Two particles, free multi-ball collisions, or a Newton's Cradle — elastic to perfectly inelastic.
Every collision conserves p = mv exactly · walls and the pivot bar don't
Free collision · 5 balls · e = 1.0

Mode

Perfectly elastic — no kinetic energy lost

Particles

size = mass · arrow = speed

Balls

Presets

Live simulation

Kinetic energy over time

Field notes

What elasticity actually changes

Using this tool

Momentum is non-negotiable. Energy is a choice.

Every collision here conserves momentum exactly between the two bodies involved — that's Newton's third law expressed as an equal and opposite impulse, and it holds regardless of what you set elasticity to. The total momentum you see in the readout still drifts, though — walls (in Free Collision) and the pivot bar's string tension (in Newton's Cradle) are external forces acting on the system, exactly like a real wall or a real support would. Kinetic energy is different again: it's only conserved when e = 1 (perfectly elastic). Anywhere below that, some kinetic energy converts to heat, sound and deformation on every impact, and the chart below shows exactly how much survives each collision.

Worked example — Newton's Cradle

Pull back 2 balls on a 6-ball cradle and release with e = 1: the two end balls stop dead on contact and exactly 2 balls fly out the far side at the same speed — not because the cradle is special, but because equal-mass elastic collisions simply swap velocities, and touching balls do it in an instant, unbroken chain.

Why do equal-mass elastic collisions "swap" velocities?

Solving the conservation equations for momentum and kinetic energy simultaneously with m₁ = m₂ has exactly one non-trivial solution: the two velocities exchange. It looks like the balls passed through each other, but they didn't — they just handed off exactly what they carried.

Why does a Newton's Cradle "know" to send out the same number of balls?

Because the swap happens ball-by-ball down the line, near-instantaneously since they're touching. Two balls arriving together deliver two separate velocity handoffs in the same instant, which only has room to land on the last two balls in the chain — that's the whole trick, not a separate rule.

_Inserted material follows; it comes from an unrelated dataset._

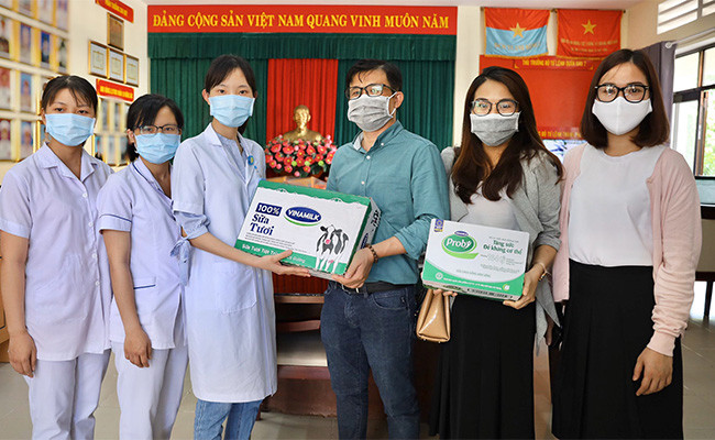 Trong thời điểm này, đội ngũ cán bộ y tế tuyến đầu chống dịch là lực lượng rất cần được quan tâm, bảo vệ và hỗ trợ từ cộng đồng. Chung tay cùng Chính phủ và xã hội, Vinamilk cũng đã liên tiếp thực hiện nhiều hoạt động đồng hành và tiếp sức cho các “anh hùng áo trắng” trong cuộc chiến với dịch bệnh. Từ giữa tháng 3/2020, để tiếp sức cho đội ngũ gần 1.000 y bác sĩ tuyến đầu của TP.HCM chống dịch, Vinamilk đã ủng hộ các sản phẩm dinh dưỡng, tăng cường đề kháng với tổng giá trị tương đương 1 tỷ đồng. Trước đó, hưởng ứng lời kêu gọi toàn dân tham gia chống dịch của Chính phủ, Vinamilk đã ủng hộ 10 tỷ đồng để mua các các thiết bị sinh phẩm y tế phục vụ công tác xét nghiệm và phát hiện nhanh Covid-19.

What happens with e between 0 and 1?

Momentum still balances exactly, but each impact bleeds off some kinetic energy — set the slider below 1 and watch the sharp cradle "click" turn into a duller, more clustered motion where balls tend to move together rather than cleanly handing off velocity.

Does mass variation change the swap behaviour?

Yes — unequal masses never fully swap velocities even at e = 1. A light ball hitting a heavy one mostly bounces back; a heavy ball hitting a light one barely slows. Toggle "vary ball mass" to see the clean cradle click become a mix of different responses.